PBMC (5 × 105 to 1 × 106) were stained as described earlier (23). Flow cytometry analysis was performed with a Becton Dickinson FACSCalibur fluorescence-activated cell sorter, and analysis was performed with CellQuest software.

Proliferation assay.

Lymphocyte proliferation assays were carried out using the proteins described above at concentrations of 5 μg/ml (HIV-1 proteins) or 10 μg/ml (HCV proteins). Fresh PBMC were plated with 150 μl of R10/HAB medium (RPMI 1640 [Sigma-Aldrich], 10% human AB serum [Sigma-Aldrich], and 10 mM HEPES buffer [Sigma-Aldrich]) with 2 mM glutamine and antibiotics (50 U of penicillin and 50 μg of streptomycin/ml) and the proteins in 96 U-bottomed plates (Costar) at 100,000 cells per well for 6 days. On day 6 the plate contents were incubated for 6 h with 1 μCi of [3H]thymidine (NEN). Cells were then collected on filters, and the amount of incorporated radiolabel was measured with a beta counter. For the purposes of data interpretation, a stimulation index of 5 or greater was considered significant.

Viral load quantitation.

Plasma viral loads were measured using either the Roche Amplicor Monitor assay (detection limit of 400 HIV-1 RNA copies/ml of plasma and 100 HCV RNA copies/ml of plasma) or the Roche Ultradirect assay (detection limit of 50 HIV-1 RNA copies/ml of plasma), according to the manufacturer's specifications.

Statistical analysis.

Statistical analysis (Mann-Whitney rank sum test, Fisher's exact test, and correlation coefficient) was done using GraphPad Prism 3.0a for Macintosh.

RESULTS

Assessment of viral loads in persons with HIV-1-HCV coinfection.

All 22 coinfected individuals studied had serum antibodies to both HIV-1 and HCV, as determined by enzyme-linked immunosorbent assay.
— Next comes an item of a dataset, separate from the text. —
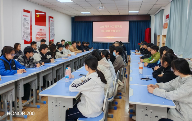 为深入了解2024级新生入学以来的学习和生活情况,增进学院与新生之间的沟通与交流,帮助新生更好地适应大学生活,11月15日,生命科学与工程学院组织召开2024级新生座谈会。学院负责人、各教研室负责人、辅导员以及学生代表共50余人参加座谈。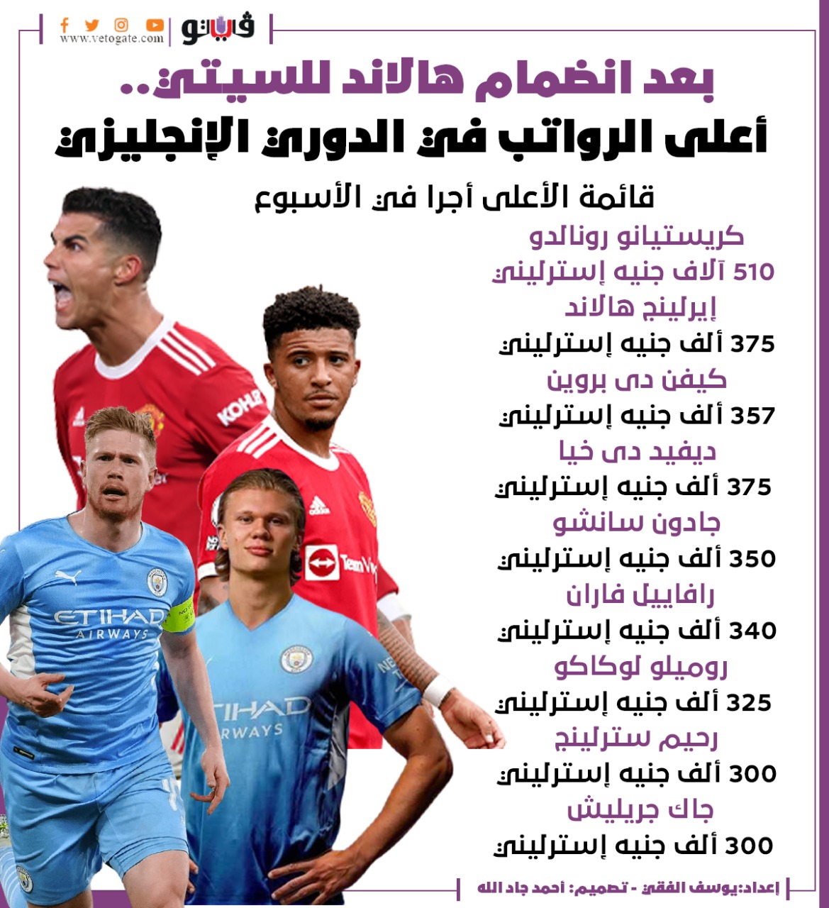 بعد انضمام هالاند للسيتي.. أعلى الرواتب في الدوري الإنجليزي | إنفوجراف الأربعاء 11/مايو/2022 - 02:57 م 5/11/2022 2:57:28 PM يوسف الفقي شارك طباعة 18 حجم الخط شارك طباعة هالاند الدوري الانجليزي كرستيانو رونالدو الإعلى أجرا في الدوري الإنجليزي محمد صلاح

The clinical and virologic characteristics of the persons studied are provided in Table 1. Three of these individuals (CO-20, CO-21, and CO-22) had no detectable HCV RNA in plasma using a sensitive PCR assay (limit of detection 100 HCV RNA copies/ml). Two subjects (CO-20 and CO-21) had cleared HCV RNA after therapy with IFN-α; an additional subject (CO-22) had a spontaneous clearance of RNA following acute HCV infection. The remaining 19 individuals had detectable HCV RNA by PCR, and in the 15 individuals in whom quantitative testing was performed, viral loads ranged from 118,430 to 23,000,000 copies per ml of plasma. The mean HCV viral load was more than 1,000-fold higher than the HIV viral load. There was no significant correlation between HCV viral loads and HIV-1-viral loads (r = −0.44, P > 0.1) or CD4 counts (r = −0.26, P > 0.2).
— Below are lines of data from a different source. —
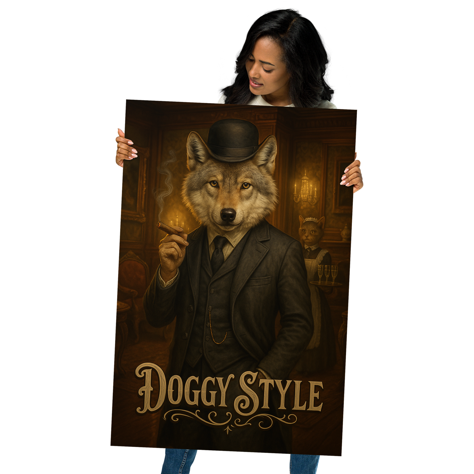 The portrait is rendered in a rich, dark oil painting style, giving it an antique, aristocratic look that will dramatically enhance any room’s décor. Below the dignified wolf, the playful phrase “DOGGY STYLE” is scripted elegantly, providing a clever, humorous contrast to the wolf’s powerful presence. Notice the subtle cat maid in the background, adding a final layer of visual wit to the scene.
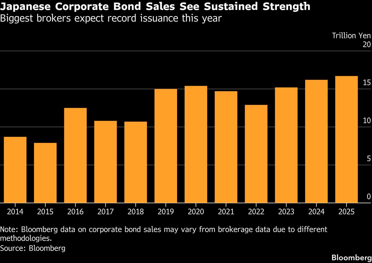 Corporate bond issuance in Japan is poised to breach a record this year on growing funding demand for mergers and acquisitions as the economy continues to move away from three decades of deflation.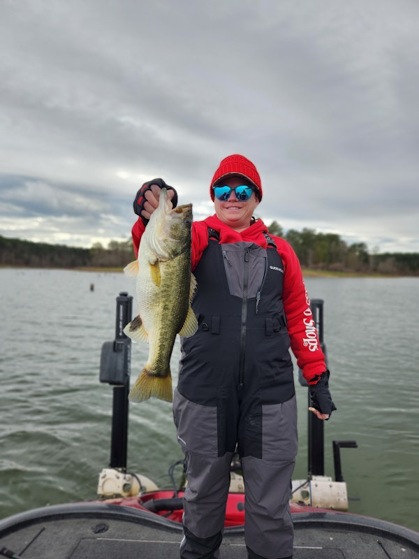 Largemouth BassTechniqueSoft Body Swimbaits (Small/Medium)SeasonWinterStructureLedgesWith the rain the area got Thursday, most of the major creek arms were off colored. I targeted the creek arms that were cleaner and fished ditches or drains that had a defined ledge. The shad were balled up right on the break. I was throwing a electric shad keitech on a 1/4 oz ball jig head on 10 pound berkley nanofil with a 15 pound sunline shooter leader. I positioned my boat to be able to cast across the ditch. I would let it sink to the bottom and then give it a slow retrieve and I’d kill it every couple cranks of the reel handle. When I got close to the ledge that’s where I’d get the bite and it was always when it it on the fall of the bait after killing the reel. They were absolutely choking the bait. Once the sun came out and the wind picked up, I switched to burning the edges of grass with a 1/2 oz. White hologram Picasso hog snatcher double willow with a pearl super fluke jr trailer.

HIV-1 viremia was undetectable or controlled to a level under 1,000 viral copies per ml of plasma in 16 of the 22 individuals studied. This was achieved by HAART in 12 persons, but four individuals (CO-12 to CO-15) controlled HIV-1 replication without the need for antiretroviral therapy. It is noteworthy that all four individuals spontaneously controlling HIV-1 were unable to control HCV, with HCV viral loads ranging from 317,500 to 1,358,300 copies per ml. HCV viral loads in these persons who spontaneously controlled HIV-1 viremia were not significantly different from the loads in those who were effectively treated with HAART (P > 0.8). Finally, six individuals had HIV-1 RNA levels greater than 1,000 copies per ml, one of them (CO-20) being the only person in the cohort who had been able to immunologically control HCV infection. These results suggest that the ability to maintain spontaneous virologic control of HIV-1 infection is not associated with the ability to control HCV infection.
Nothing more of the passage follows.